In this real world, comparative effectiveness study, we failed to detect any significant difference in clinical outcomes with the use of outpatient antibiotics following surgical drainage of abscesses in the ED. Avoidance of routine antibiotic prescribing following surgical drainage of abscesses has been a core component of ED based antimicrobial stewardship efforts since the release of the initial ACEP Choosing Wisely recommendations.[9] This recommendation was based on a series of RCTs and subsequent meta-analysis that also failed to demonstrate a statistically significant improvement in clinical cure rates with antibiotic use.[8,2022] Despite the available evidence and national best practice recommendation, a study characterizing national level ED antibiotic use patterns in the management of abscesses demonstrated significant variability in antibiotic selection and overall high rates (87%) of prescribing following surgical drainage.[2] Our findings are consistent as nearly three-fourths of all patients with an abscess in our sample were prescribed outpatient antibiotics. Additionally, even within a single institution, a wide variety of antibiotic regimens and prescription durations were observed (Table 2).

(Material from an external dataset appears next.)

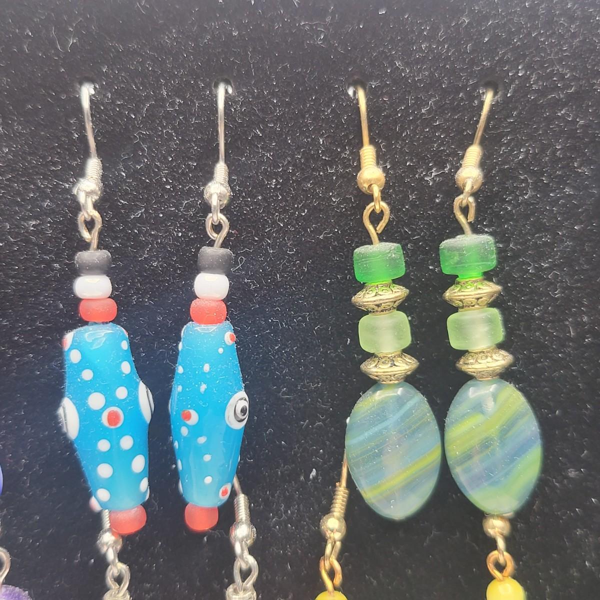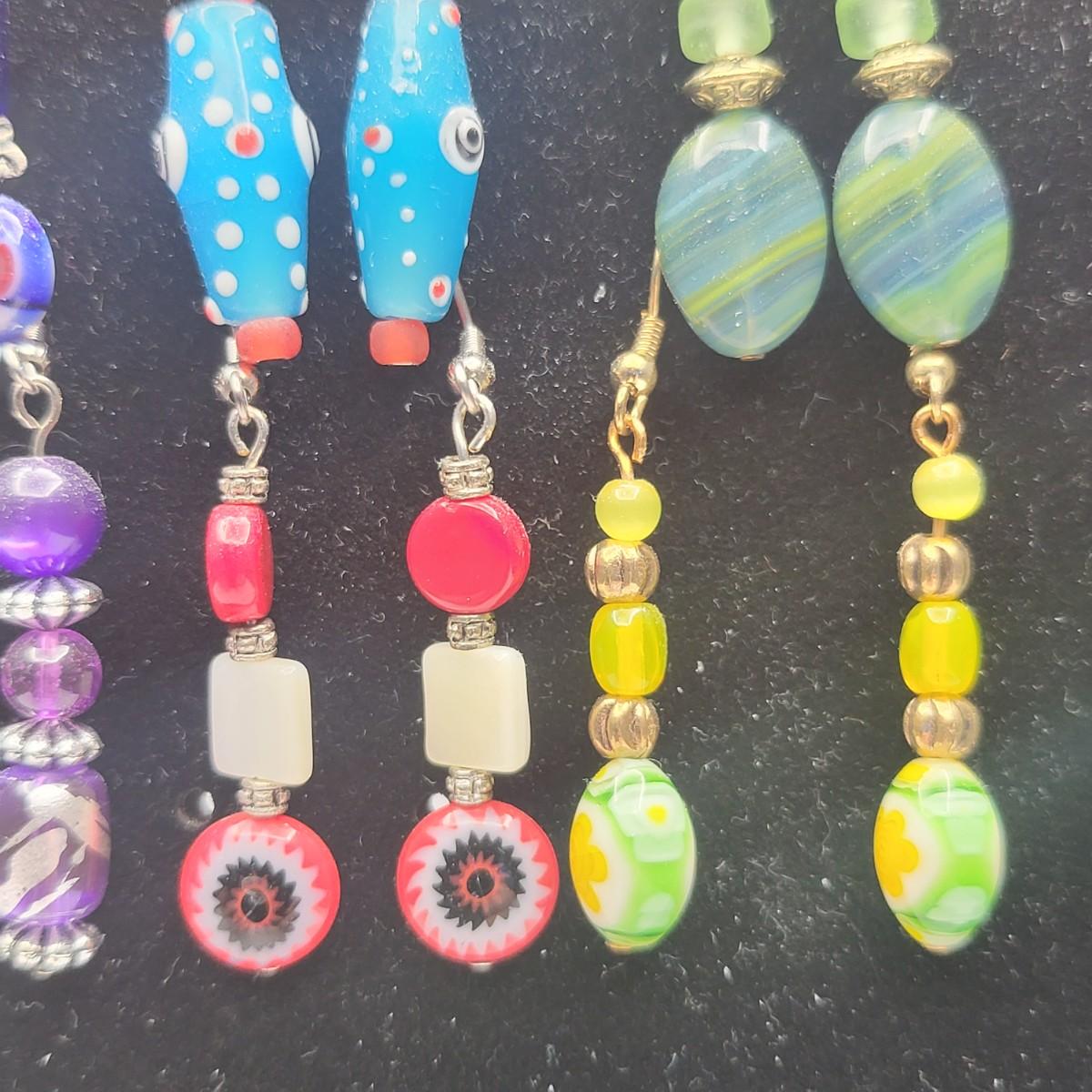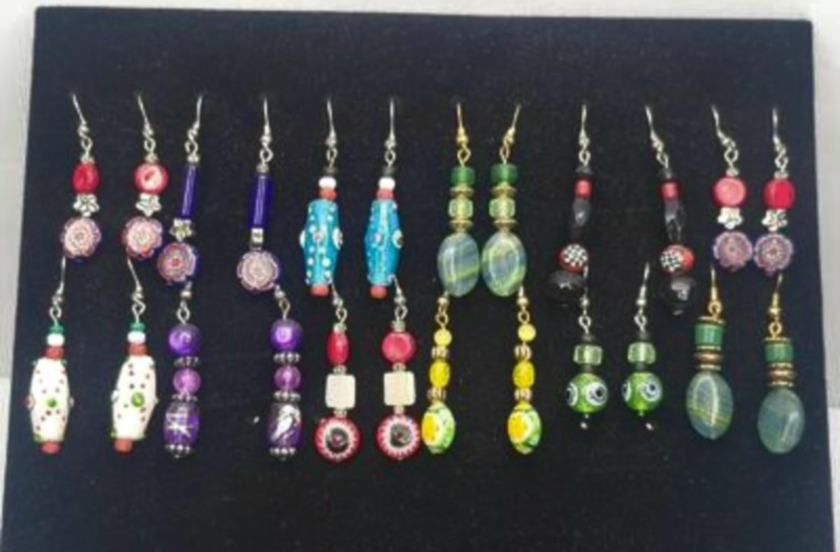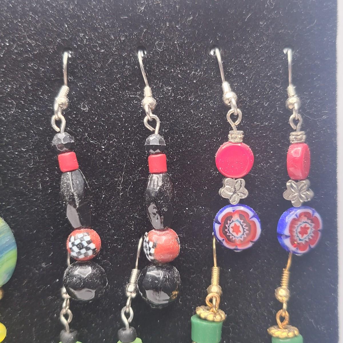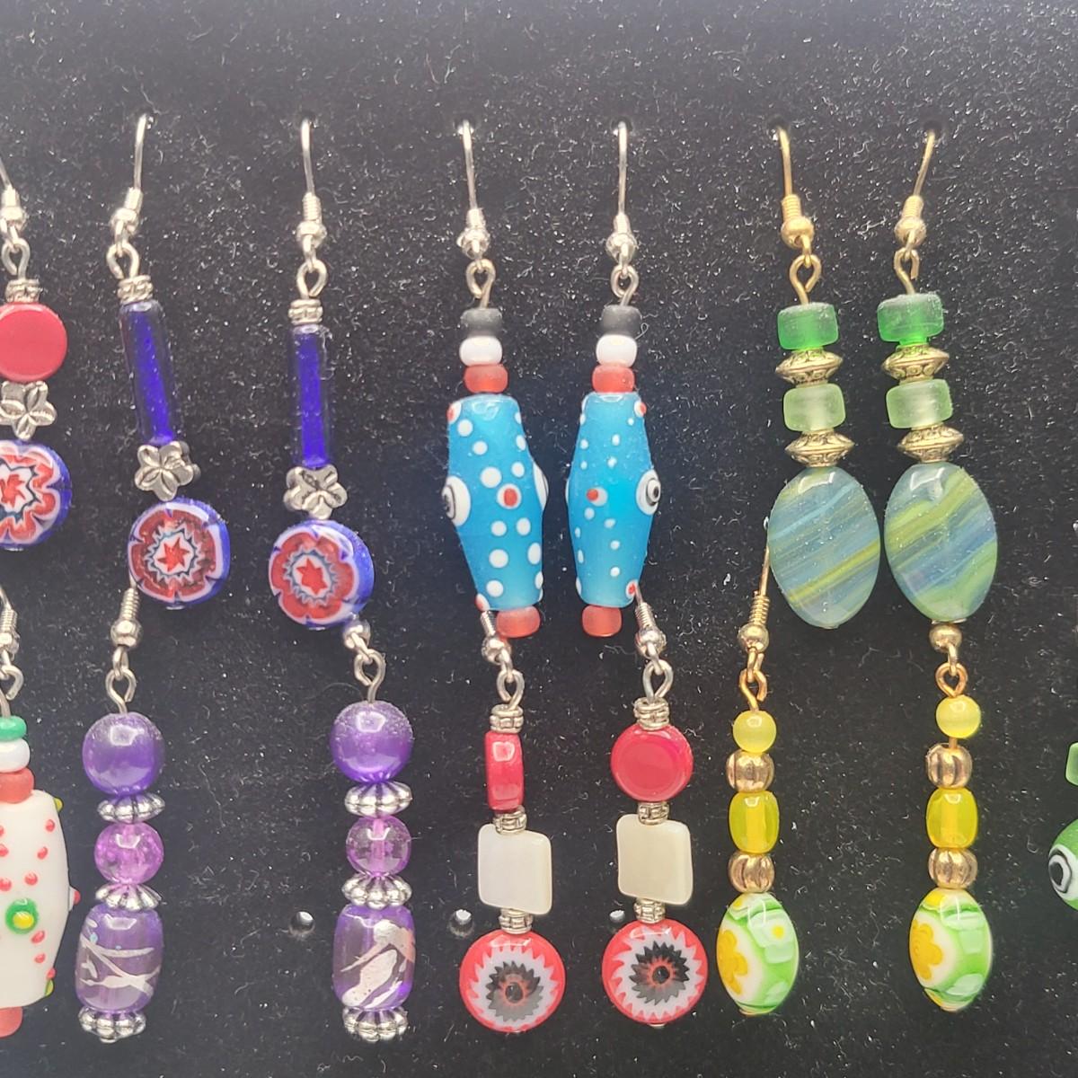 12 Pairs Handmade Art Glass Bead Earrings & Display Stand

The two recently published RCTs examining this topic each had sample sizes greater than all of the trials included in the 2014 meta-analysis combined. Although these two trials examined different antibiotic doses and agents (TMP/SMX vs clindamycin vs placebo), both observed statistically significant improvements in clinical cure rates with antibiotics following surgical drainage.[10,11] In contrast, we failed to detect any significant increase in repeat ED visits, antibiotic prescriptions or repeat surgical drainage procedures when abscesses were managed without antibiotics. Our observed rate of treatment failure for infections managed without antibiotics (27%) was very similar to that observed in the placebo groups at the test-of-cure visit in the Talan and Daum trials (26.4% and 31.1% respectively). However, the treatment failure rate we observed for subjects managed with antibiotics was slightly higher (23%) as compared to rates observed by both Talan (TMP/SMX 19.5%) and Daum (TMP/SMX 18.3% and clindamycin 16.9%). The wide range of antibiotic regimens (drug, dose, duration) utilized in our sample could have resulted in increased rates of treatment failures as compared to the regimens studied in the RCTs. Both trials utilized antibiotics typically recommended for management of abscesses following surgical drainage in the era of CA-MRSA. The potential impact of antibiotic regimen was demonstrated in the Daum study, which observed a non-significant treatment benefit with clindamycin over TMP/SMX. This is further supported by the fact that nearly 25% of regimens in our sample included antibiotics without in vitro activity against MRSA and another 20% were clindamycin, to which over 20% of our local MRSA isolates are resistant. This highlights the need for careful consideration of local antibiotic resistance patterns when assessing the generalizability of available clinical trial data.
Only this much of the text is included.